La Rivista del Nuovo Cimento

## Charge, spin and valley Hall effects in disordered graphene

Authors: A. Cresti, B. K. Nikolić, J. H. Garcia, S. Roche
DOI: 10.1393/ncr/i2016-10130-6
pp. 587-667
Published online 23 December 2016
Open Access
Abstract: The discovery of the integer quantum Hall effect in the early eighties of the last century, with highly precise quantization values for the Hall conductance in multiples of $e^{2}/h$, has been the first fascinating manifestation of the topological state of matter driven by magnetic field and disorder, and related to the formation of non-dissipative current flow. Throughout the 2000's, several new phenomena such as the spin Hall effect and the quantum spin Hall effect were confirmed experimentally for systems with strong spin-orbit coupling effects and in the absence of external magnetic field. More recently, the Zeeman spin Hall effect and the formation of valley Hall topological currents have been introduced for graphene-based systems, under time-reversal or inversion symmetry-breaking conditions, respectively. This review presents a comprehensive coverage of all these Hall effects in disordered graphene from the perspective of numerical simulations of quantum transport in two-dimensional bulk systems (by means of the Kubo formalism) and multiterminal nanostructures (by means of the Landauer-Büttiker scattering and non-equilibrium Green's function approaches).

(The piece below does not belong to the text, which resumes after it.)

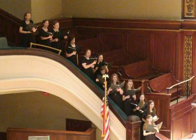 Congratulations to Kate McAuliffe! (She is wearing the blue scarf.) Kate is the first Amadeus Chorale singer to be a member for eleven years. She began as a seven-year-old second grade singer and graduated as an eighteen-year-old high school senior. She went on to graduate from Crane School of Music with a degree in Composition.

In contrast to usual two-dimensional electron gases in semiconductor heterostructures, the presence of defects in graphene generates more complex electronic features such as electron-hole asymmetry, defect-induced resonances in the electron density of states or percolation effect between localized impurity states, which, together with extra degrees of freedom (sublattice pseudospin and valley isospin), bring a higher degree of complexity and enlarge the transport phase diagram.